Uma outra propriedade dos ADARs que pode ter implicações no reconhecimento e interação do substrato é a percepção de que para a desaminação produtiva e de alta atividade, as proteínas ADAR estão formando um dímero no substrato (Jaikaran et al., 2002; Cho et al., 2003; Gallo et al., 2003; Poulsen et al., 2006). Potencialmente, tanto homo- como heterodímeros entre as proteínas ADAR podem se formar (Chilibeck et al., 2006) e, portanto, representar outra camada de regulação influenciando o reconhecimento específico do substrato, bem como a atividade de edição do RNA. Como até o momento não há nenhum alvo conhecido de edição para ADAR3 e esta proteína não apresenta nenhuma atividade enzimática nos ensaios padrão de deaminase (Melcher et al., 1996a; Chen et al., 2000), seu papel tem sido sugerido como sendo de natureza regulatória através da heterodimerização com os outros ADARs.
Relacionado à formação de dímeros ADAR para atividade geral de edição é a observação de que certos eventos de edição de RNA que ocorrem dentro do mesmo substrato exibem acoplamento positivo ou negativo. Por exemplo, adenosinas diretamente vizinhas umas das outras ou aquelas localizadas no mesmo lado da estrutura duplex do RNA (cerca de 11 nt de distância dentro do RNA da forma A) freqüentemente mostram acoplamento em edição por ADARs provavelmente devido à sua proximidade do local catalítico da enzima no espaço (Koeris et al., 2005; Enstero et al., 2009).

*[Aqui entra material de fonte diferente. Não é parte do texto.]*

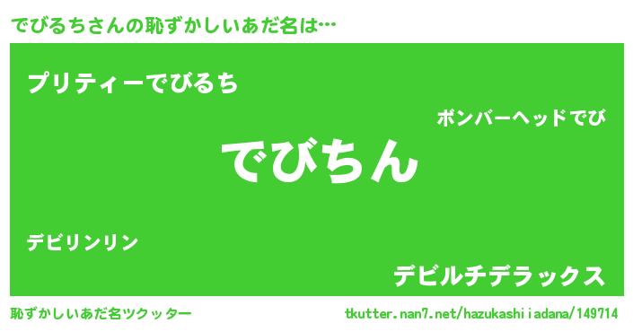 | 男性向けラノベタイトル風あだ名 | 『でびるちという概念が存在しない退屈な世界 』 |

Embora essas percepções, ainda não é possível prever atualmente um local de edição de RNA baseado na seqüência primária do RNA. Isto se deve principalmente à natureza complexa das estruturas terciárias de RNA e ao seu comportamento dinâmico. Mesmo considerando que os domínios vinculados ao dsRNA podem ser capazes de discriminar certos motivos de seqüência primária sobre outros, pequenas alterações na seqüência primária circundante ou na estrutura secundária e terciária podem modular ou mesmo anular os contatos específicos da seqüência. Como resultado, tentativas de conceber algoritmos de busca combinando várias das características moleculares (incluindo probabilidade de emparelhamento de bases, ambiente de seqüência, conservação de seqüência) que são conhecidas por influenciar a probabilidade de edição ou atividade, a fim de prever potenciais locais de edição, resultaram em longas listas de posições candidatas em mRNAs, mas poucos locais novos, locais seletivos e de modificação de alto nível foram validados como alvos in vivo de boa fé (Clutterbuck et al., 2005; Levanon et al., 2005; Gommans et al., 2008; Sie e Maas, 2009). A dicotomia entre a detecção de milhares de prováveis locais de edição baseados em características moleculares em pré-mRNAs e a escassez de locais de recodificação de alto nível sugere que ou os algoritmos de previsão sofrem de uma alta taxa de falsos positivos e a maioria dessas posições candidatas não são editadas por ADARs, ou a detecção experimental de edição de RNA é o problema e para muitos locais de edição real os tecidos errados são testados (edição específica do tipo célula) ou são testados no ponto errado (edição regulada). Alternativamente, os níveis de edição in vivo da maioria dos sites são tão pequenos que os métodos de detecção atuais não são suficientemente sensíveis para provar ou refutar a edição.